[36] Owotomo Bungo-no-Kami (called Franciscus by the Jesuits), the most powerful feudal lord in Kiushiu, was one of the first daimiôs in Japan to accept Christianity, and was the main support of the missions in their early years. He died in 1587. The family of this prince were deprived, under Iyeyasu, of their possessions, which were divided among the latter’s adherents. See Rein’s Japan, pp. 273, 519.
[37] This was a soldier named Joan Diaz (Vol. XV, pp. 189, 279). Cf. Morga’s account of this Dominican mission (Vol. XV, pp. 279, 280).
[38] Jerónimo de Belén, a Portuguese by birth, came in the mission of 1595, from Puebla de los Angeles, Mexico. He ministered at Bataán, Manila, and Cavite respectively; in 1603 went on the Camboja mission, and on its failure returned to Manila. He died in 1642, in Pampanga.
[39] Sketches of the lives of all these friars are given in Reseña biográfica, i, pp. 320–327.
[40] This friar came in 1604; he died at Nasiping, July 16, 1611.
[41] Pedro Muriel came to the islands in 1615, and was sent to the Cagayán missions, where he seems to have spent most of his remaining years. He died at Manila, about 1642.
[42] Itaves is a district south of central Cagayán, on the waters of the Rio Chico de Cagayan (or Bangag River). It has over 15,000 inhabitants, contained in more than a hundred villages; these people are mainly Calauas, and are heathen Malays. See U. S. Gazetteer of Philippine Islands, p. 561; also Smithsonian Report, 1899, p. 535.

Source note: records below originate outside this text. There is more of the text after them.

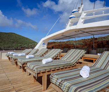 Mornings might bring sea-lion encounters and blue-footed boobies; afternoons drift into lava-shore snorkeling and quiet beaches. Evenings are for sunset on deck, chef-prepared meals, and stargazing beneath the equatorial sky.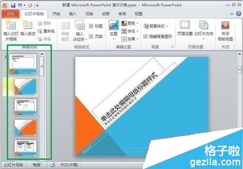 進入幻燈片母版以后可以看到左側(綠框選處)有多種版。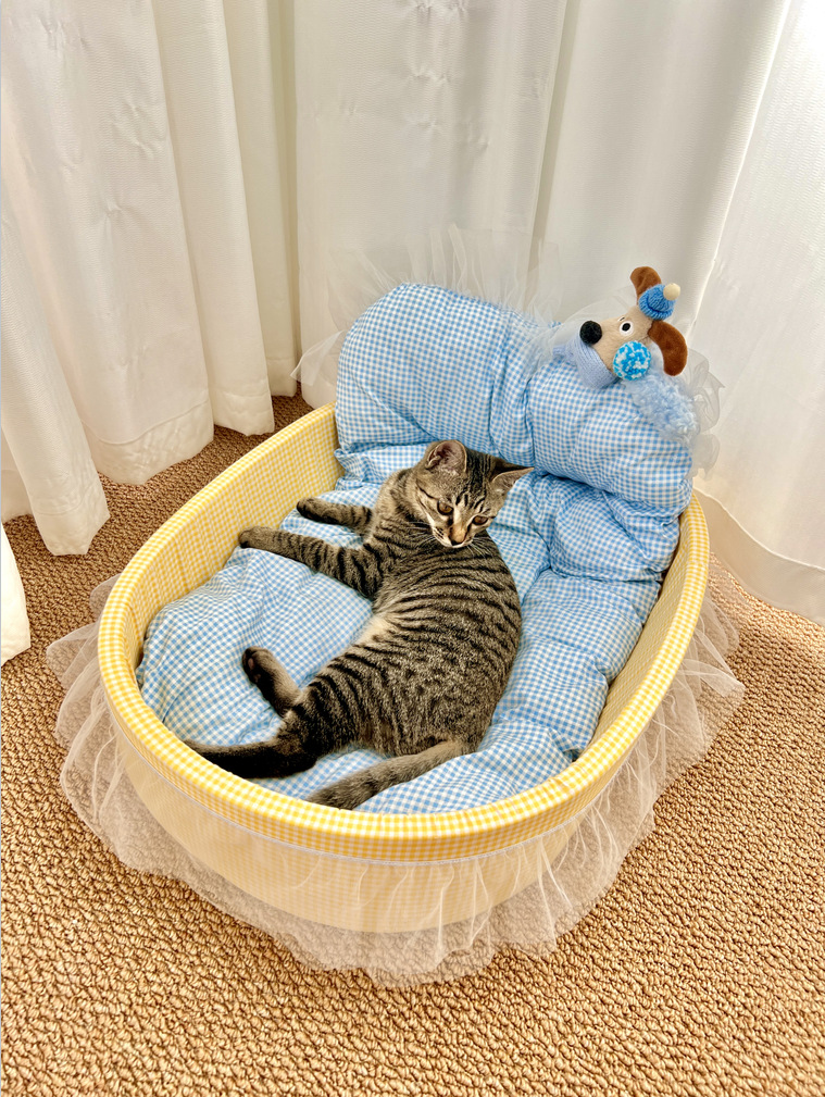 • 파란색 체크무늬 애완동물 둥지 [둥지 바닥 + 매트 + 레이스 포함]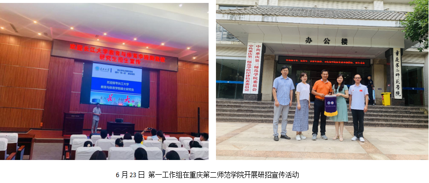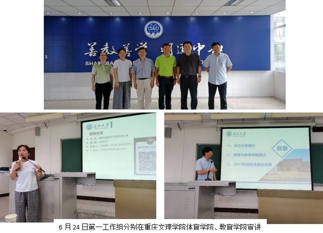 第一工作组由副院长杜光友带队,研究生导师宋永晶副教授及心理系主任朱晓伟博士一行3人,于6月22日至25日前往西南线的长江师范学院、重庆第二师范学院、重庆文理学院、内江师范学院4所高校开展研招宣传活动。第一工作组分别在长江师范学院体育与健康科学学院、重庆第二师范学院教育教师学院、重庆文理学院体育教育学院、内江师范学院的体育学院(教育学院学生亦一并参会)开展招生宣讲活动。招生宣传现场气氛热烈,学生们报考球王会体育平台网页意愿强烈。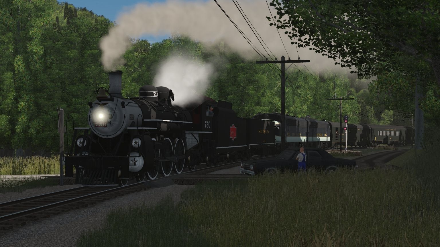 Tags: Trainz Railroad Simulator 2019, Southern Railway Old Fort Loops, S&A 750 Engine, SOU F7A, S&A 750 Tender, Southern Aux Tender WT52, Southern Coach 726 Man O War, Southern Coach 1084 Heavyweight, Southern Coach 1087 Heavyweight, Southern Coach 1081 Heavyweight, Southern Coach 1067 Archroof, Southern Coach 1086 Heavyweight, Southern Coach Lounge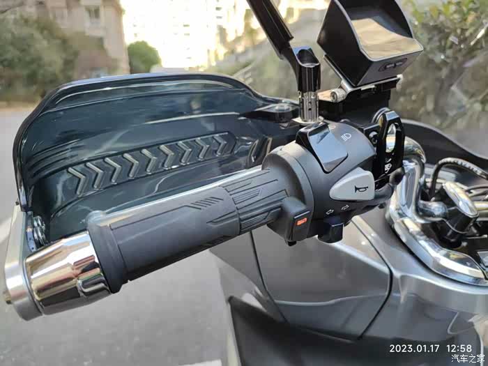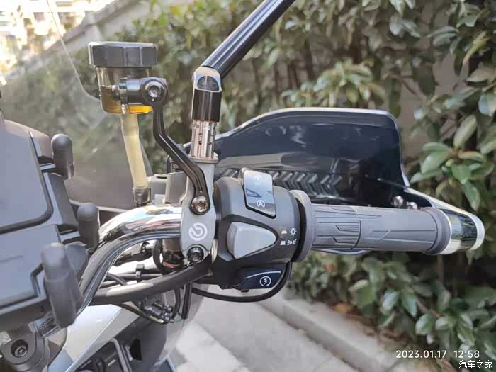 大冬天的,觉得加热手柄是摩托舒适配置第一位,不会像其他厚重装备那样降低操控性,同时装个护手(过了冬天就拆了),像这样冬天我就一副薄棉手套就OK了,且橡胶热一些摩擦力会比冰冷时好很多。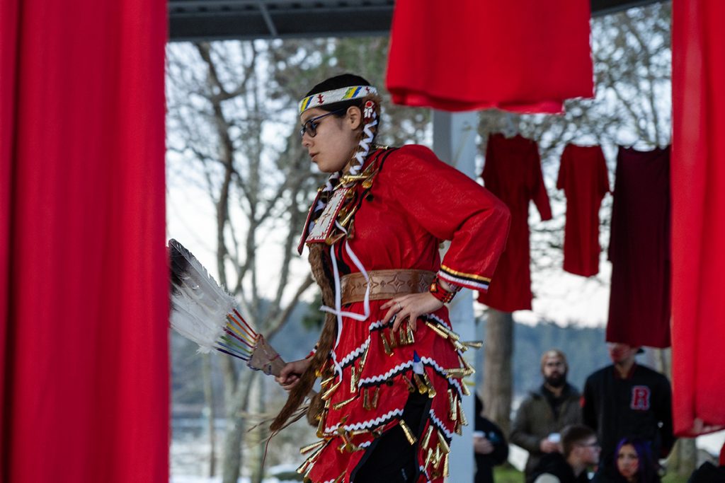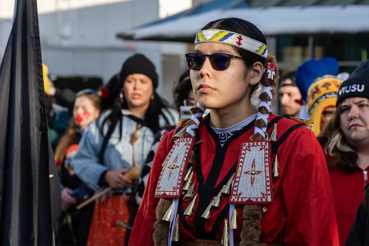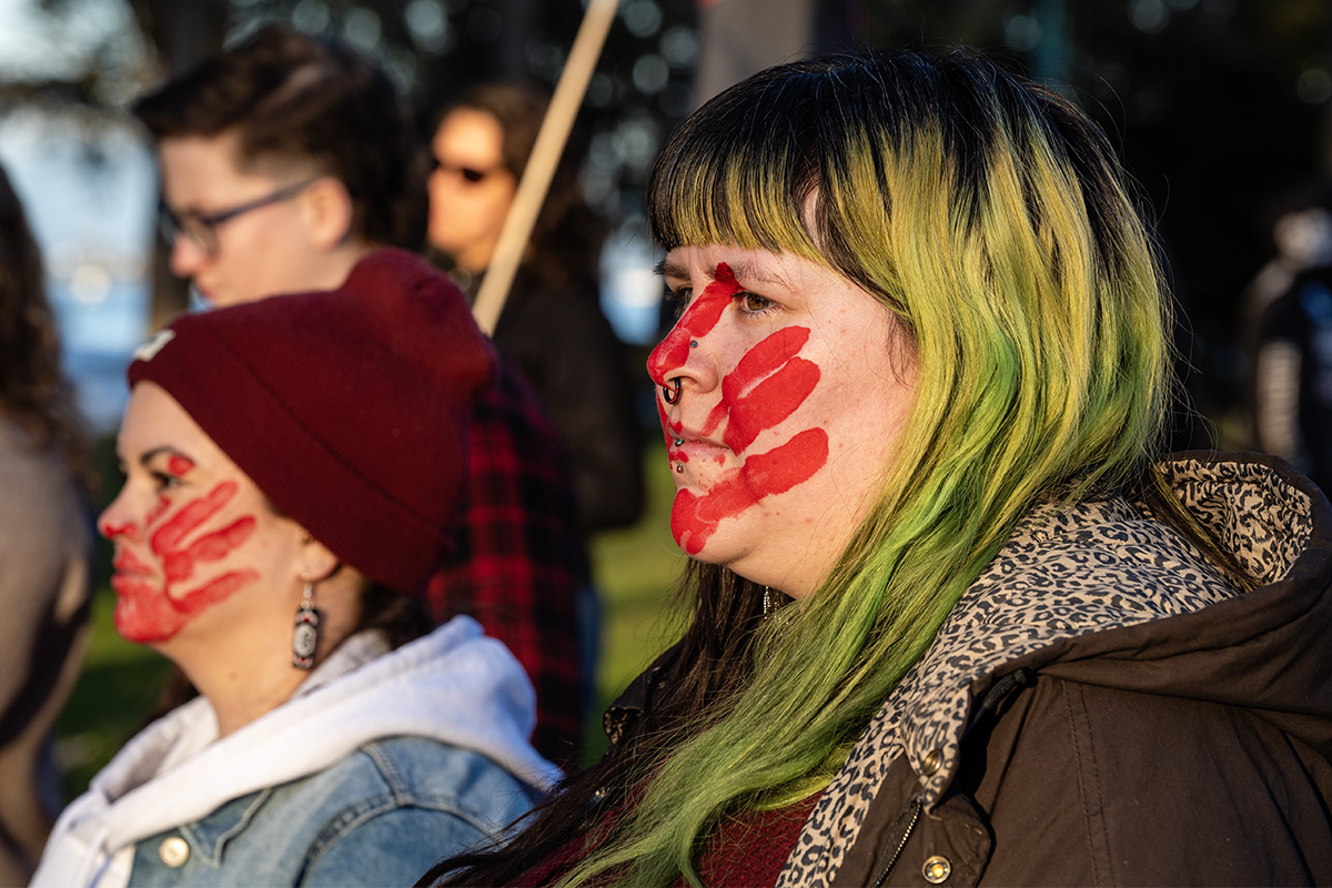 This year’s Nanaimo march for MMIWG2S+ was organized by the Vancouver Island University Student Union and spearheaded by its Indigenous representative Leah Vaisanen, who is from the Łı́ı́dlı̨ı̨ Kų́ę́ First Nation near Fort Simpson in the Northwest Territories and is of Dene and Vietnamese descent.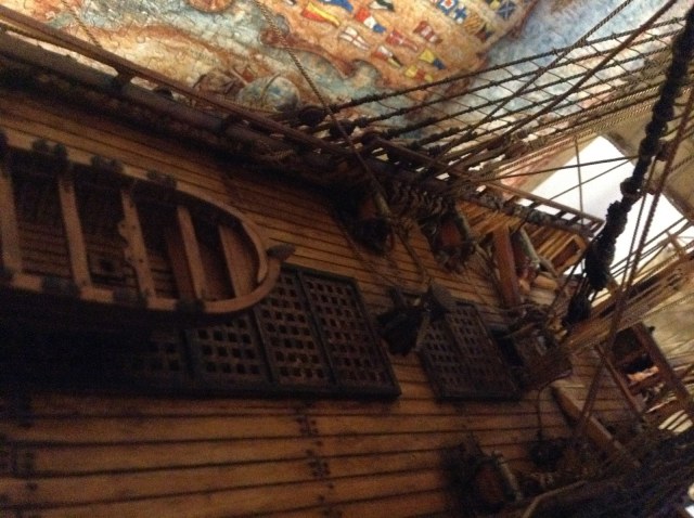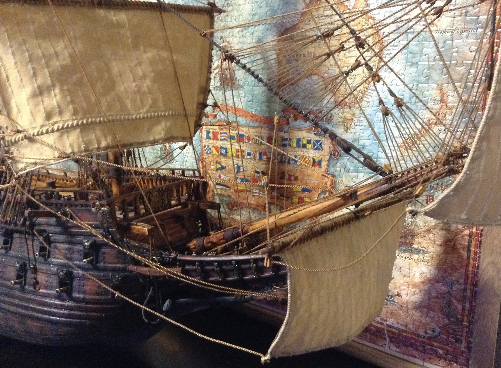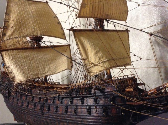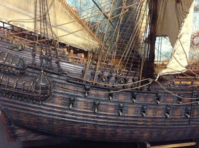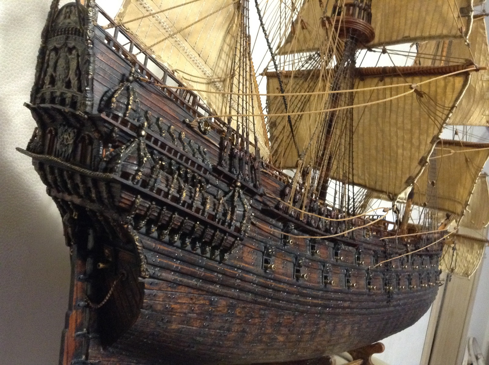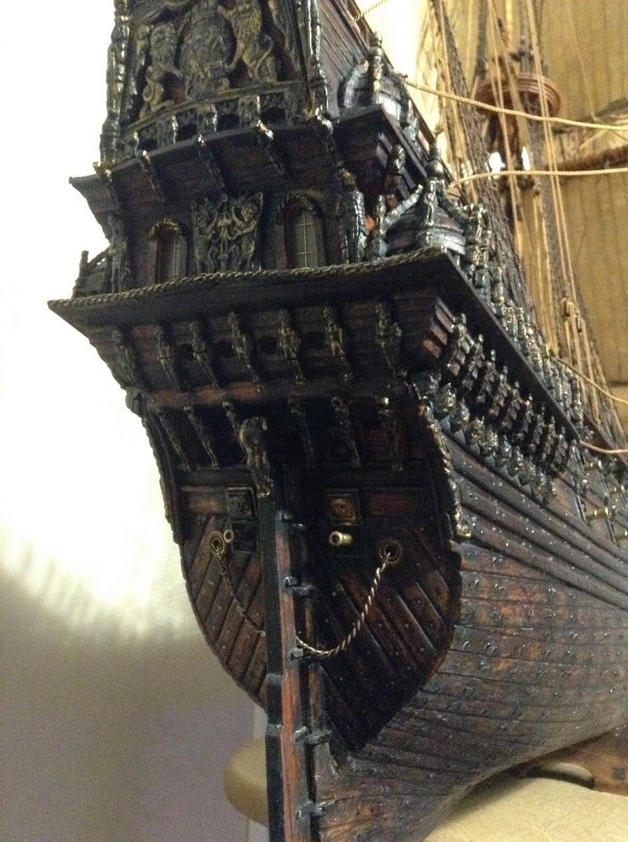 По цвету сейчас один в один с тем, что в Стокгольме в музее. 333 года под водой)). Осталось борта корщеткой "покоцать", позолоту на фигурах скрыть, обрезать рангоут по марсели и часть досок осветлить под новодел. И будет не отличить, хоть диораму музейную делай)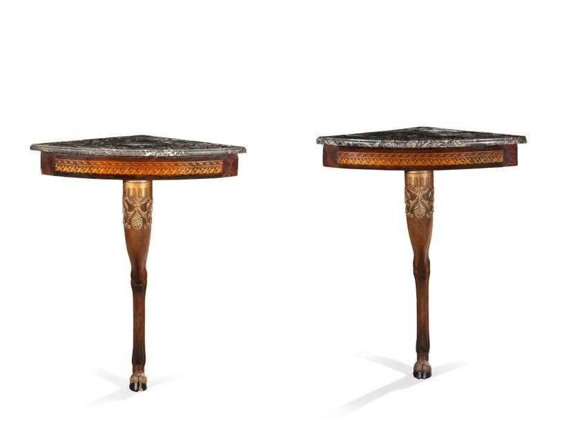 Paire de consoles d'angle en bois sculpté, doré et laqué| la ceinture marquetée de frises de rubans et enroulements à feuilles| le pied central à décor de lambrequins, palmettes et rinceaux se terminant en jarret de cervidé.

[43] Juan de Naya spent most of his missionary life in Cagayán. Finally being ordered to Mexico, he died on the voyage thither, January 27, 1620.
[44] Andres de Haro, a native of Toledo, made his profession at Cuenca in 1613. He came to the Philippines in 1615, and spent more than forty years in the Cagayán missions. At various times he filled important offices in Manila, among them, that of commissary of the Inquisition. He died in that city, September 19, 1670, at the age of seventy-six years.
[45] Apparently a reference to the Jesuit Alonso Sanchéz, who had gone in 1586 to Spain (see Vol. VI) as envoy from the various estates of the Philippine colony.